[Dataset items]

◆ ◆ ◆ ◆

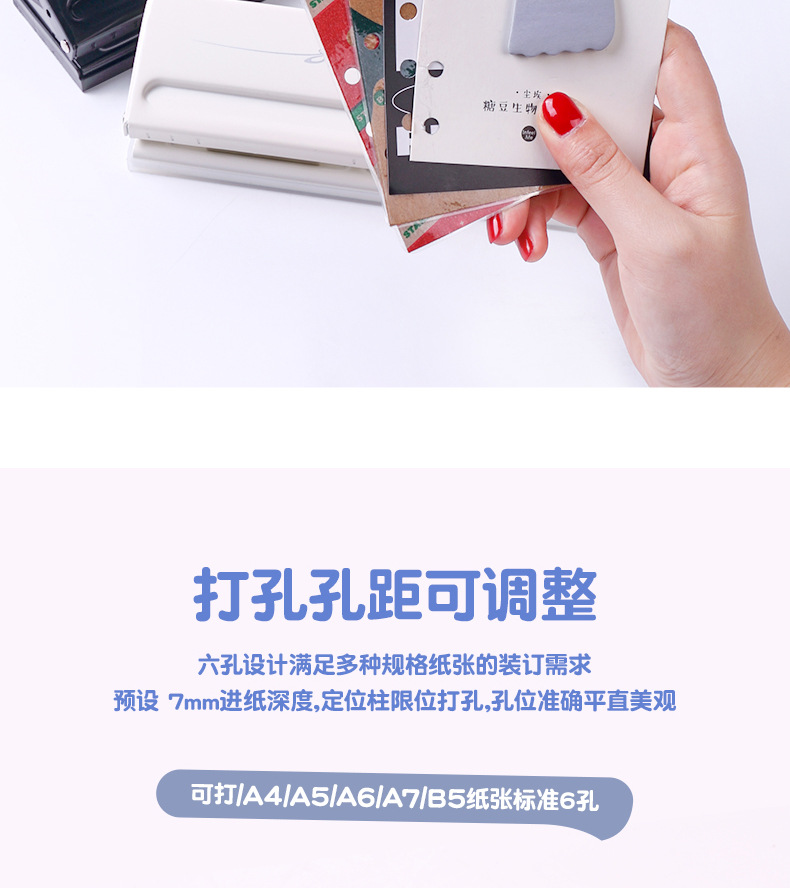 О продукте: 9170 Регулируемый штамповочный станок A7 студенческие канцелярские принадлежности 6 отверстий штамповочный станок флаер ручной счет отверстие для бумаги
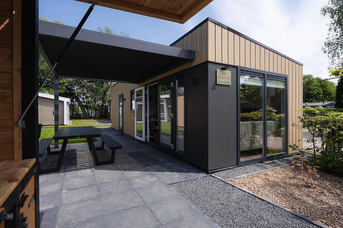 Da Lodges van Rongen puoi affittare non solo una lodge, ma anche tutte e tre insieme. Ideale per grandi famiglie, amici o più famiglie. Così potete godervi la compagnia insieme, ma ognuno ha comunque il lusso di una propria lodge e privacy. Con il grande campo da gioco e il parco giochi davanti alla porta e le cucine esterne per lunghe serate estive, il vostro soggiorno sarà una grande festa.
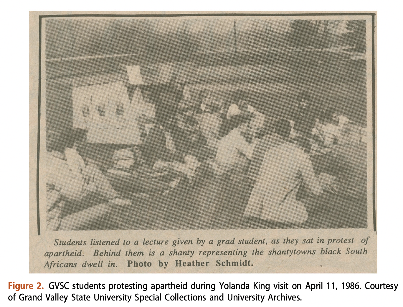 “The history of the anti-apartheid movement at Michigan’s flagship universities— Michigan State University (MSU) in East Lansing and the University of Michigan (UM) in Ann Arbor—is well-known. Also somewhat well-documented are events at Western Michigan University (WMU) in Kalamazoo, which was the second institute of higher learning in Michigan to fully divest from South Africa, after MSU. Yet the anti-apartheid movement in the state’s western colleges and universities outside of Kalamazoo remains largely undocumented. Drawing on a small selection of archival documents, this essay explores the history of the anti-apartheid movement at Grand Valley State College (GVSC, now Grand Valley State University) in West Michigan, a region presently most well known for its conservative political climate. The micro-history that emerges from these documents is that of a campus movement that emerged relatively late compared to others, but which burned brightly in the context of major structural changes taking place at the college.”
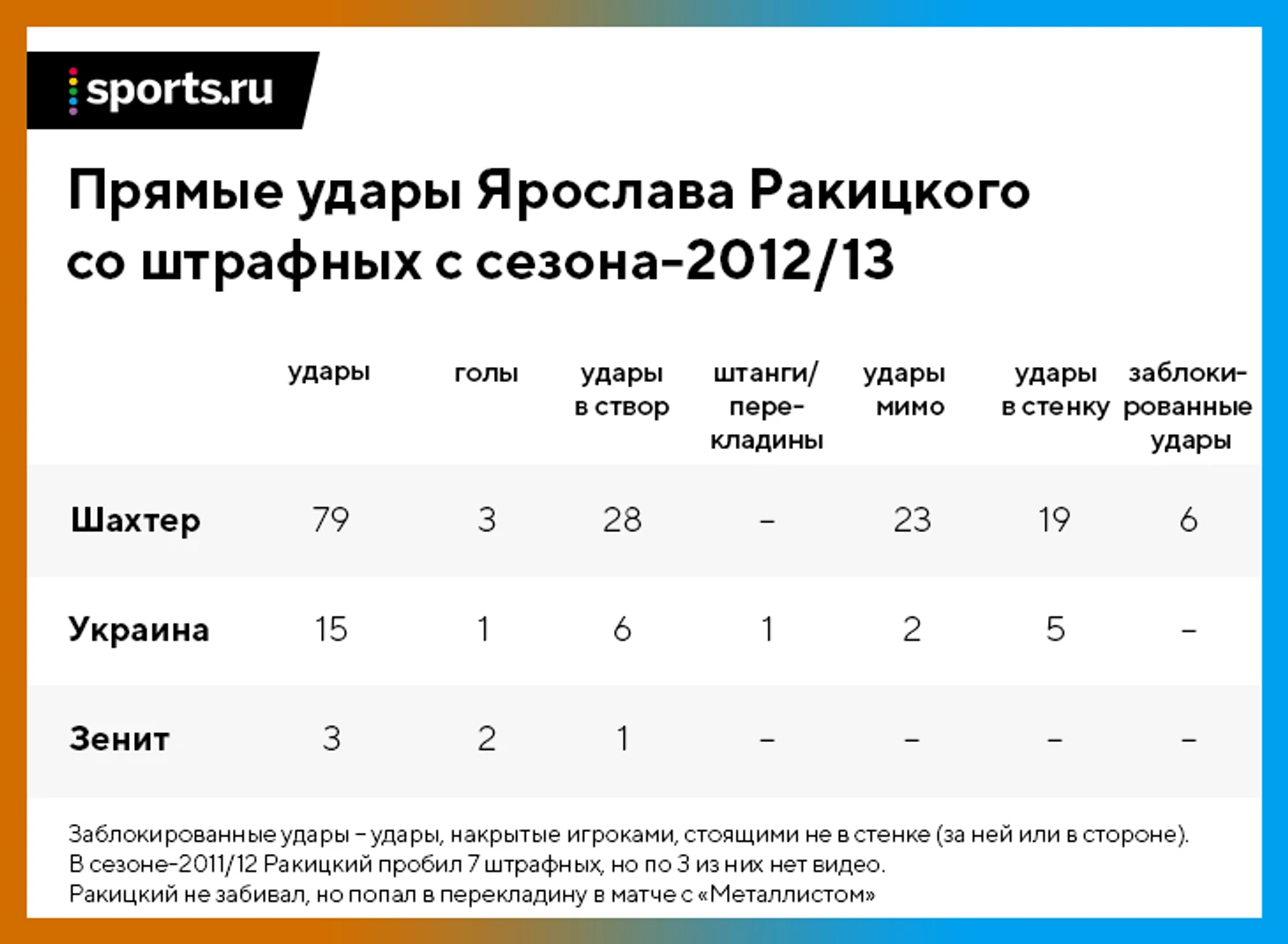 Ярослав пробивает штрафные с сезона-2011/12, но из 7 ударов по трем нет видео – полные данные есть только с сезона-2012/13. Точно известно, что в сезоне-2011/12 Ракицкий не забивал прямыми ударами со штрафных, а самым опасным получился удар в матче с «Металлистом»: защитник пробил на силу сквозь стенку и попал в перекладину.
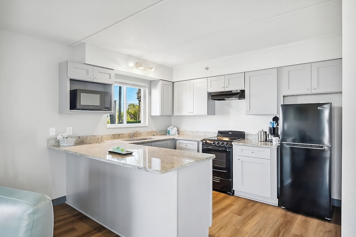 EN BORD DE MER et magnifiquement décoré 3 grandes chambres et 3 salles de bain - presque 2000 pieds carrés. Parfait pour les grandes ou les multi-familles voyageant ensemble pour de MERVEILLEUX souvenirs de vacances. Super endroit avec beaucoup d'espace pour s'amuser. L'appartement unique dispose d'une grande cuisine principale et d'une unité d'efficacité. Idéal pour les familles qui ont besoin d'un espace séparé ou d'adolescents. Ce complexe hôtelier dispose d'une salle de sport sur place, d'un bar tiki en saison et d'utilisation du feu. L'unité dispose de son propre barbecue sur le balcon.
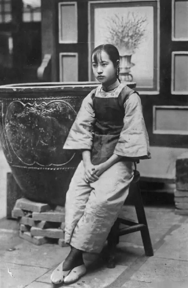 1926年,江西的一位少女,从穿着打扮看有一定社会地位,而且她没有裹脚,还穿着黑丝袜。
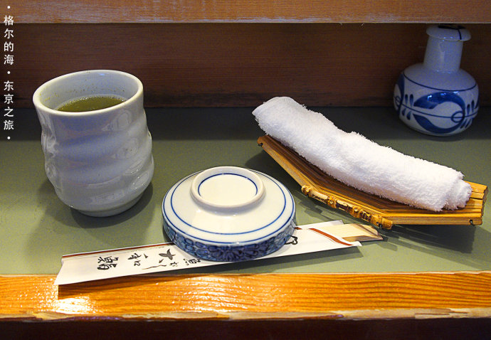 等了1个多小时,终于轮到我们了。坐下来,先给我们上了一杯抹茶,一双筷子和一条湿手巾。这杯抹茶特别好喝,就让我想到以后也改喝抹茶。抹茶的好处就是可以把磨碎的绿茶叶子连茶一起喝下去。不明白为什么明朝人民从抹茶改成喝泡茶,或者说就算喝泡茶,也别彻底抛弃喝了几百年的抹茶传统嘛。

◆ ◆ ◆ ◆

*WORK TO COMPLETE*
Transcribe all of the records above character for character. Exclude the pictures.

*ANSWER SECTION*
 О продукте: 9170 Регулируемый штамповочный станок A7 студенческие канцелярские принадлежности 6 отверстий штамповочный станок флаер ручной счет отверстие для бумаги
 Da Lodges van Rongen puoi affittare non solo una lodge, ma anche tutte e tre insieme. Ideale per grandi famiglie, amici o più famiglie. Così potete godervi la compagnia insieme, ma ognuno ha comunque il lusso di una propria lodge e privacy. Con il grande campo da gioco e il parco giochi davanti alla porta e le cucine esterne per lunghe serate estive, il vostro soggiorno sarà una grande festa.
 “The history of the anti-apartheid movement at Michigan’s flagship universities— Michigan State University (MSU) in East Lansing and the University of Michigan (UM) in Ann Arbor—is well-known. Also somewhat well-documented are events at Western Michigan University (WMU) in Kalamazoo, which was the second institute of higher learning in Michigan to fully divest from South Africa, after MSU. Yet the anti-apartheid movement in the state’s western colleges and universities outside of Kalamazoo remains largely undocumented. Drawing on a small selection of archival documents, this essay explores the history of the anti-apartheid movement at Grand Valley State College (GVSC, now Grand Valley State University) in West Michigan, a region presently most well known for its conservative political climate. The micro-history that emerges from these documents is that of a campus movement that emerged relatively late compared to others, but which burned brightly in the context of major structural changes taking place at the college.”
 Ярослав пробивает штрафные с сезона-2011/12, но из 7 ударов по трем нет видео – полные данные есть только с сезона-2012/13. Точно известно, что в сезоне-2011/12 Ракицкий не забивал прямыми ударами со штрафных, а самым опасным получился удар в матче с «Металлистом»: защитник пробил на силу сквозь стенку и попал в перекладину.
 EN BORD DE MER et magnifiquement décoré 3 grandes chambres et 3 salles de bain - presque 2000 pieds carrés. Parfait pour les grandes ou les multi-familles voyageant ensemble pour de MERVEILLEUX souvenirs de vacances. Super endroit avec beaucoup d'espace pour s'amuser. L'appartement unique dispose d'une grande cuisine principale et d'une unité d'efficacité. Idéal pour les familles qui ont besoin d'un espace séparé ou d'adolescents. Ce complexe hôtelier dispose d'une salle de sport sur place, d'un bar tiki en saison et d'utilisation du feu. L'unité dispose de son propre barbecue sur le balcon.
 1926年,江西的一位少女,从穿着打扮看有一定社会地位,而且她没有裹脚,还穿着黑丝袜。
 等了1个多小时,终于轮到我们了。坐下来,先给我们上了一杯抹茶,一双筷子和一条湿手巾。这杯抹茶特别好喝,就让我想到以后也改喝抹茶。抹茶的好处就是可以把磨碎的绿茶叶子连茶一起喝下去。不明白为什么明朝人民从抹茶改成喝泡茶,或者说就算喝泡茶,也别彻底抛弃喝了几百年的抹茶传统嘛。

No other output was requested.